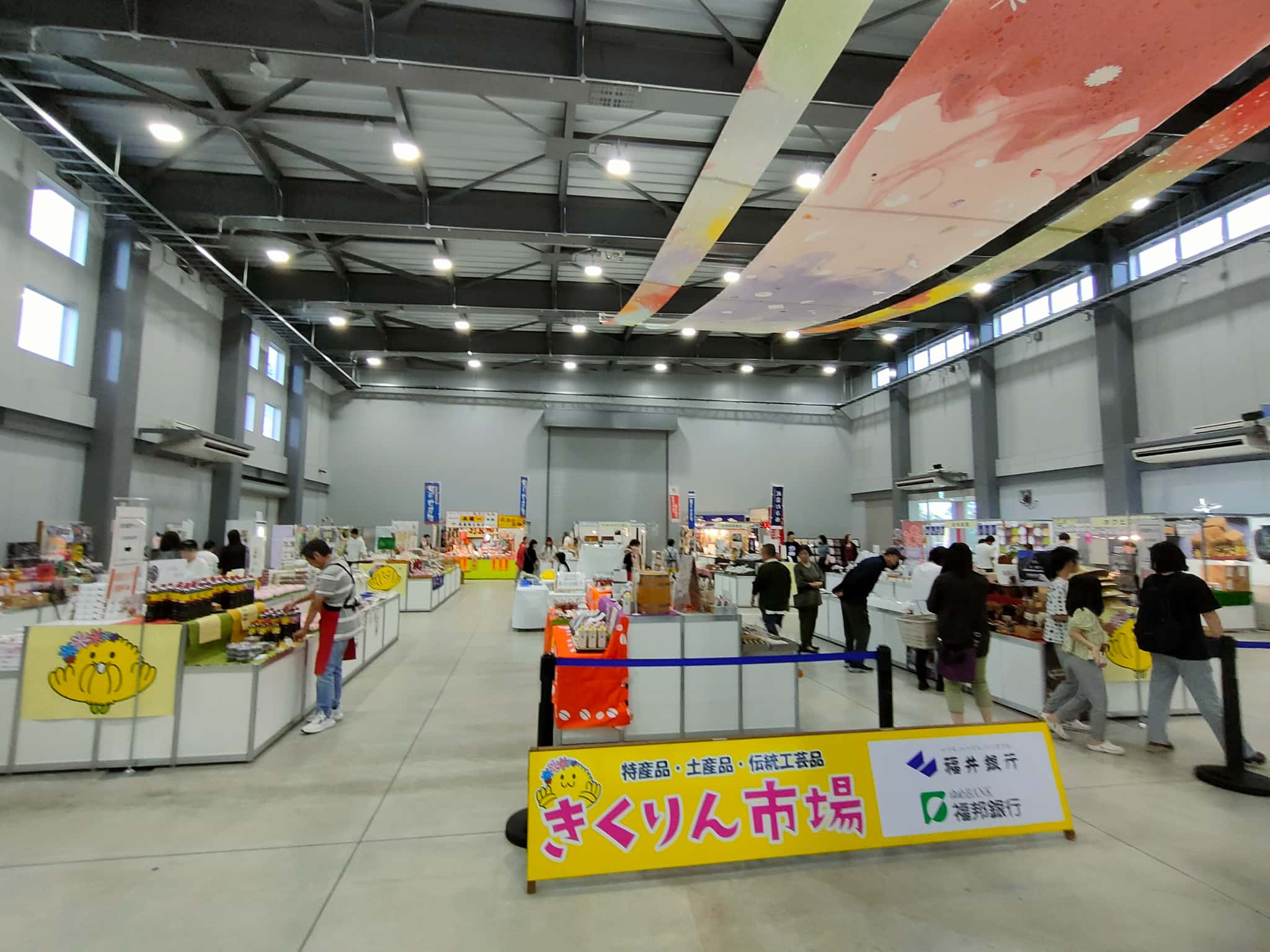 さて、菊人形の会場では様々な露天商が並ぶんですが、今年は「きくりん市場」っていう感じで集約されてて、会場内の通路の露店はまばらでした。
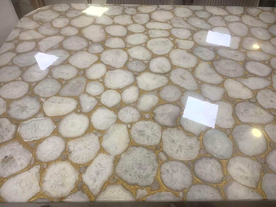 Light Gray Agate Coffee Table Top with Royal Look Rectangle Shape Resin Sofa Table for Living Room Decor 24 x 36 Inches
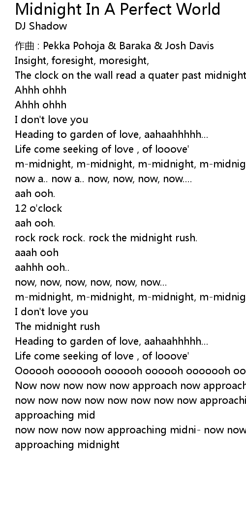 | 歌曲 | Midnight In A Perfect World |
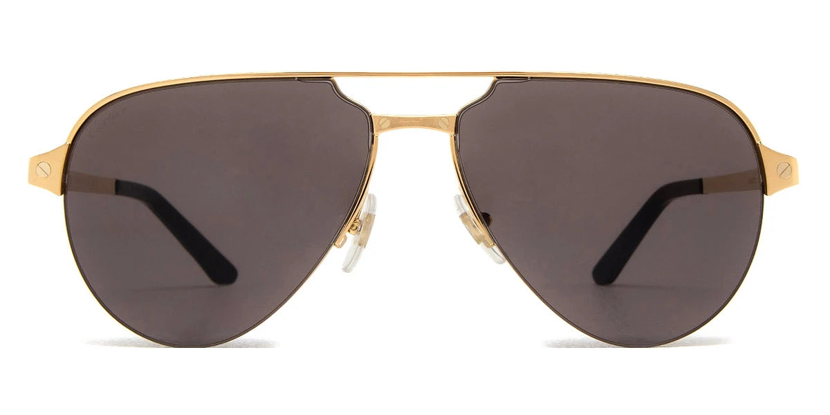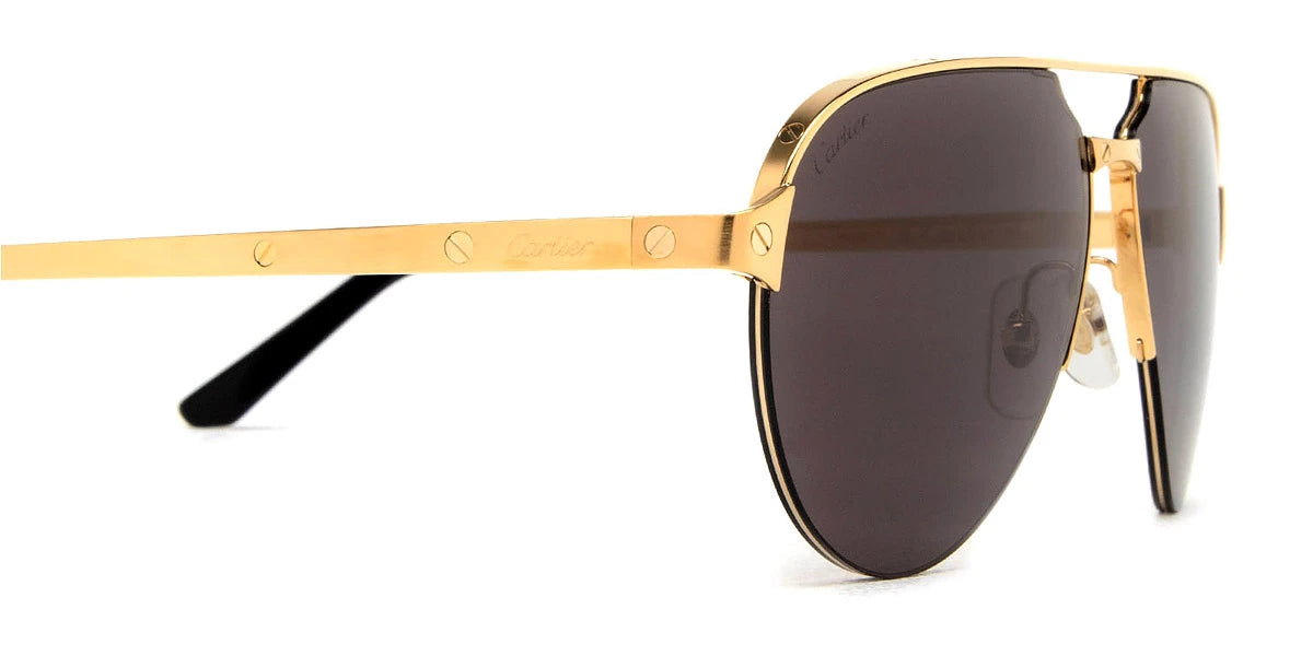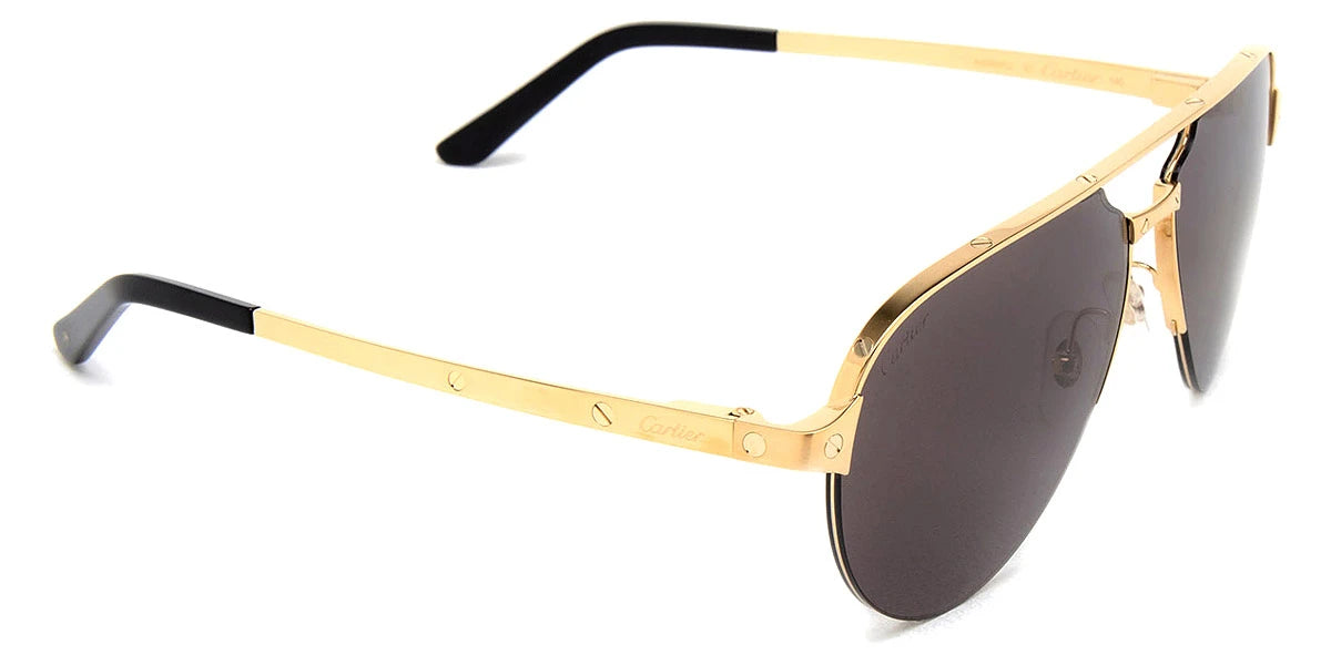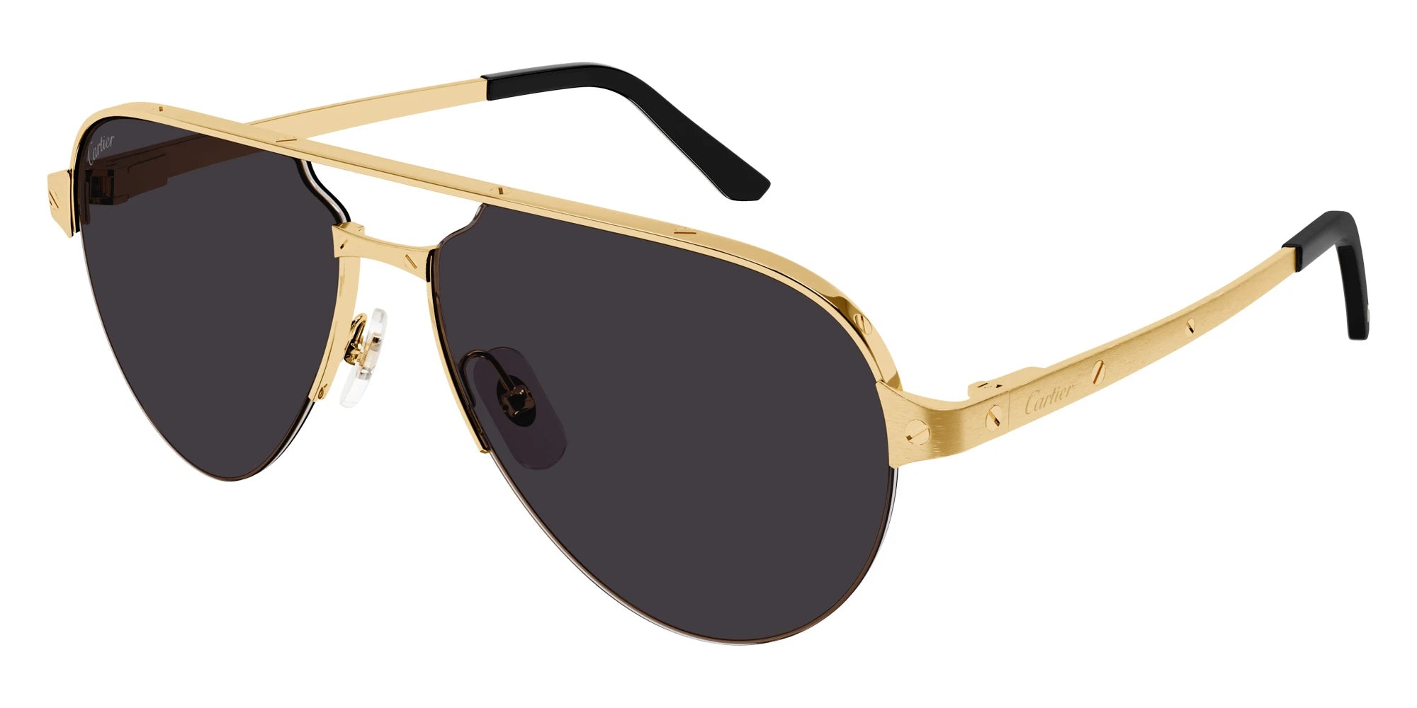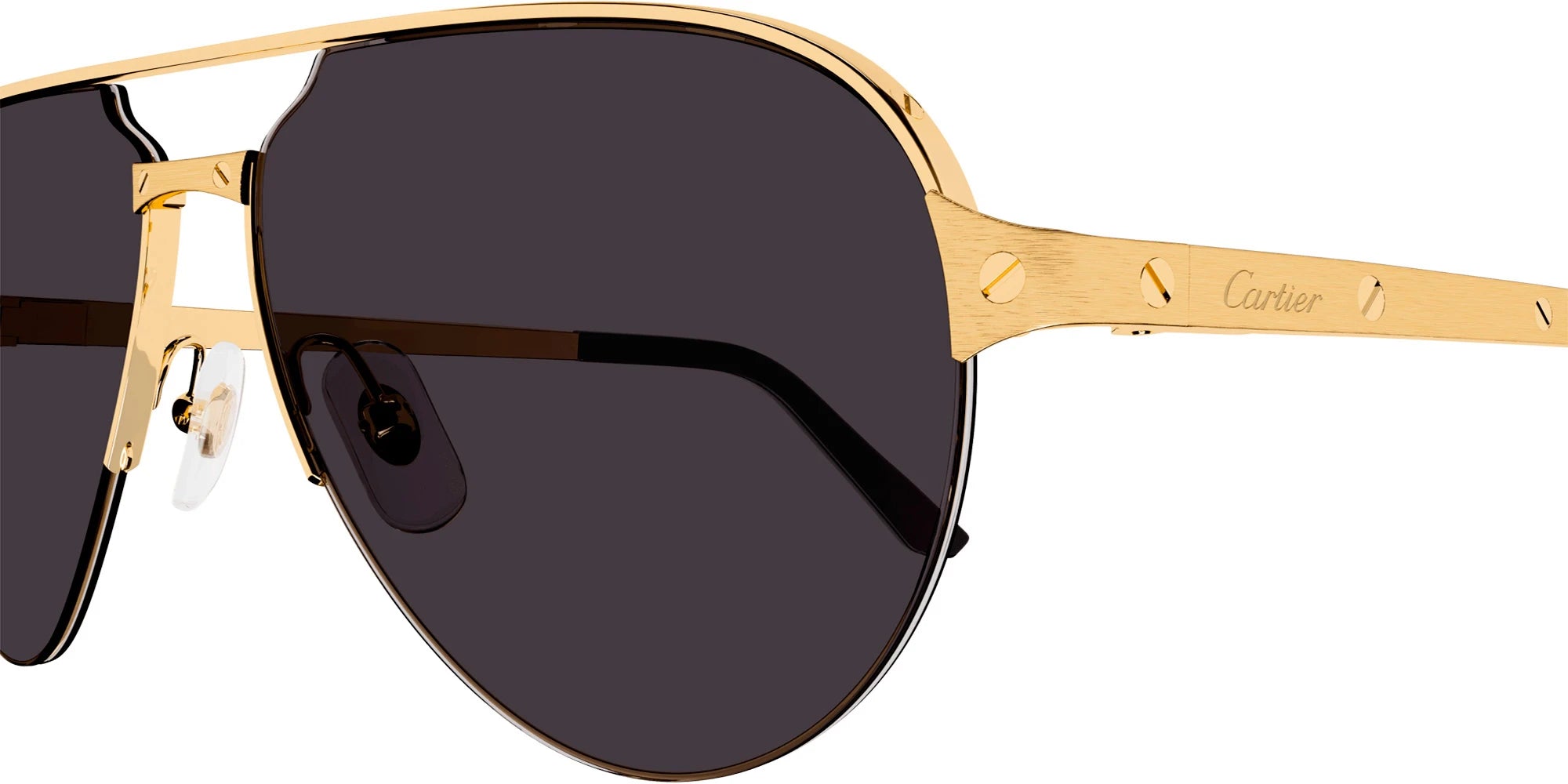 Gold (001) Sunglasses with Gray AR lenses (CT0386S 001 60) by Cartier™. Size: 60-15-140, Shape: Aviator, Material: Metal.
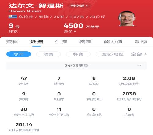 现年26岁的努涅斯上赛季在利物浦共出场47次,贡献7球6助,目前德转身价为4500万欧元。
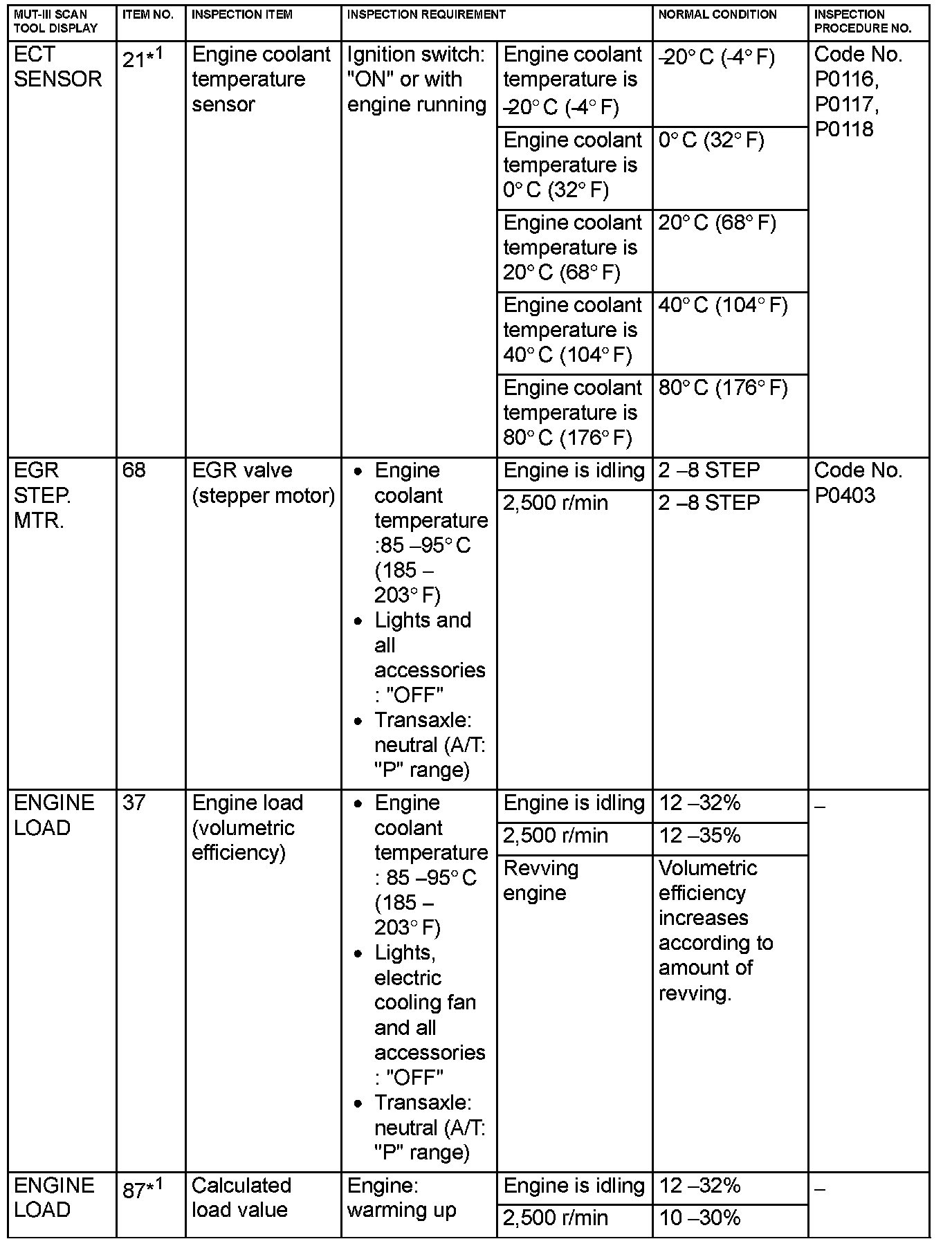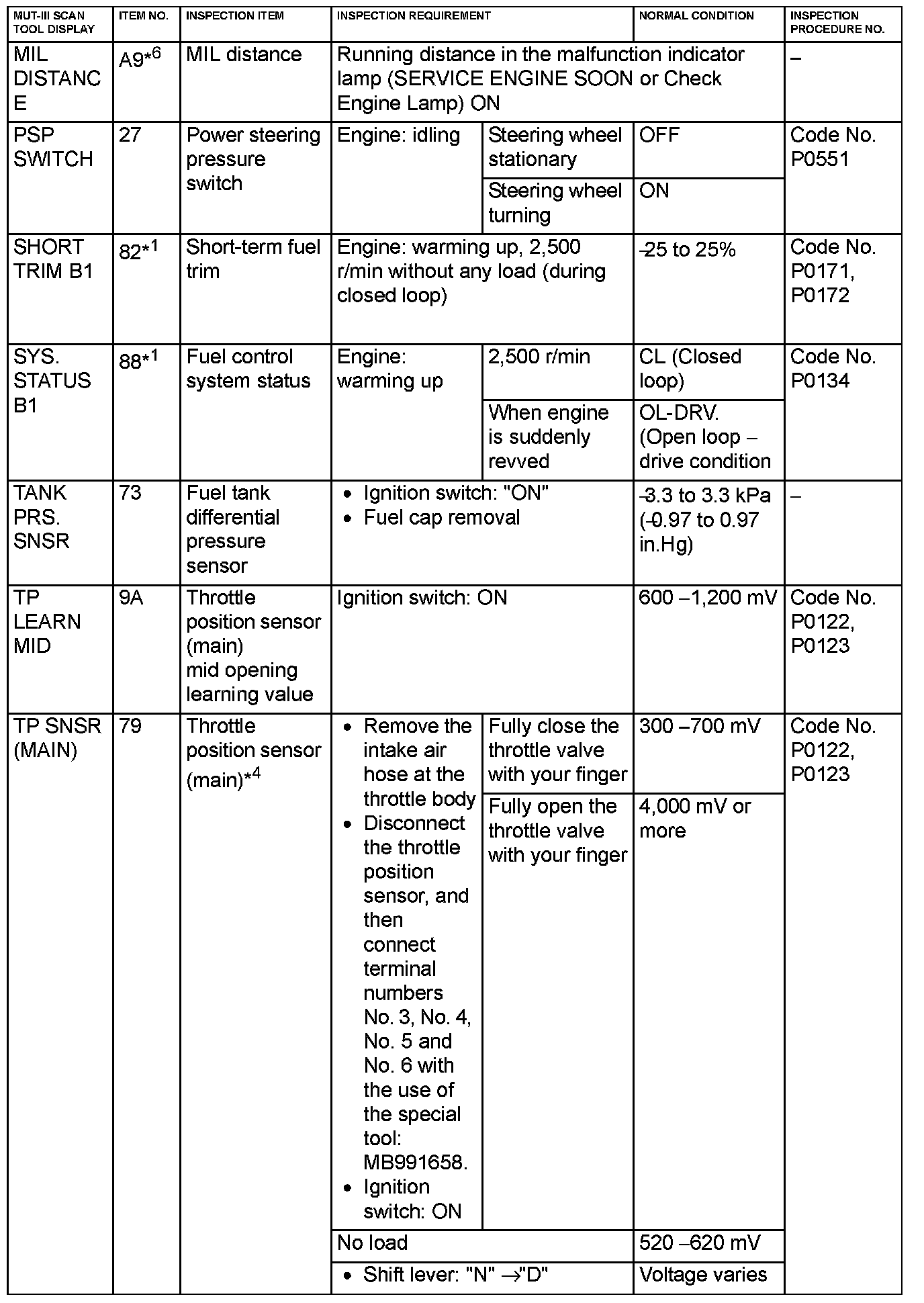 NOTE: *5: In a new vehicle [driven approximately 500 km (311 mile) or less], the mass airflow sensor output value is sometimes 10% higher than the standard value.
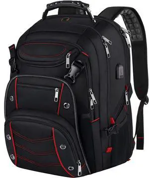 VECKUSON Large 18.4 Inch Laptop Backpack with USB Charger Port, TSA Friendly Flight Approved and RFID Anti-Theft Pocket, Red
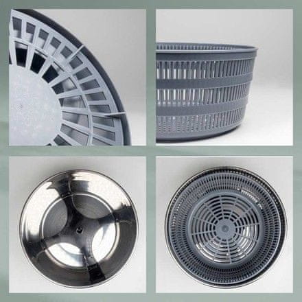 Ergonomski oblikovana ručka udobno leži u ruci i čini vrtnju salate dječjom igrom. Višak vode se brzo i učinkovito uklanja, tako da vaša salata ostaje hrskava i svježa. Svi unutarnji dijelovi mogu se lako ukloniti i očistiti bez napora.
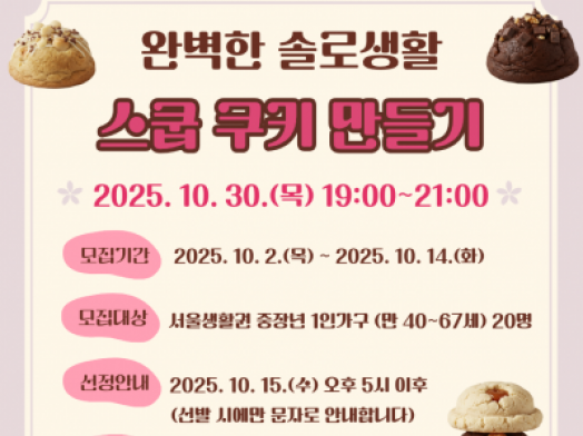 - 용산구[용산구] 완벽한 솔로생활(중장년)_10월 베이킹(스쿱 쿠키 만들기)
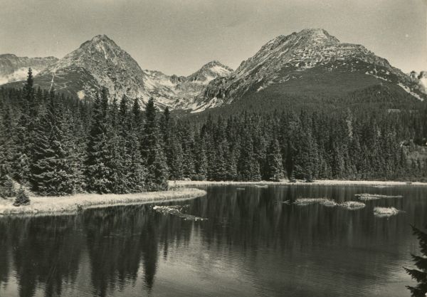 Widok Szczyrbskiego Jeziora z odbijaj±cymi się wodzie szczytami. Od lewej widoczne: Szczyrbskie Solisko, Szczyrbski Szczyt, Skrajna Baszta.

→ **Work order**: Return all entries preceding this task exactly as they stand, leaving any picture out.

→ **Solution**:
 さて、菊人形の会場では様々な露天商が並ぶんですが、今年は「きくりん市場」っていう感じで集約されてて、会場内の通路の露店はまばらでした。
 Light Gray Agate Coffee Table Top with Royal Look Rectangle Shape Resin Sofa Table for Living Room Decor 24 x 36 Inches
 | 歌曲 | Midnight In A Perfect World |
 Gold (001) Sunglasses with Gray AR lenses (CT0386S 001 60) by Cartier™. Size: 60-15-140, Shape: Aviator, Material: Metal.
 现年26岁的努涅斯上赛季在利物浦共出场47次,贡献7球6助,目前德转身价为4500万欧元。
 NOTE: *5: In a new vehicle [driven approximately 500 km (311 mile) or less], the mass airflow sensor output value is sometimes 10% higher than the standard value.
 VECKUSON Large 18.4 Inch Laptop Backpack with USB Charger Port, TSA Friendly Flight Approved and RFID Anti-Theft Pocket, Red
 Ergonomski oblikovana ručka udobno leži u ruci i čini vrtnju salate dječjom igrom. Višak vode se brzo i učinkovito uklanja, tako da vaša salata ostaje hrskava i svježa. Svi unutarnji dijelovi mogu se lako ukloniti i očistiti bez napora.
 - 용산구[용산구] 완벽한 솔로생활(중장년)_10월 베이킹(스쿱 쿠키 만들기)
 Widok Szczyrbskiego Jeziora z odbijaj±cymi się wodzie szczytami. Od lewej widoczne: Szczyrbskie Solisko, Szczyrbski Szczyt, Skrajna Baszta.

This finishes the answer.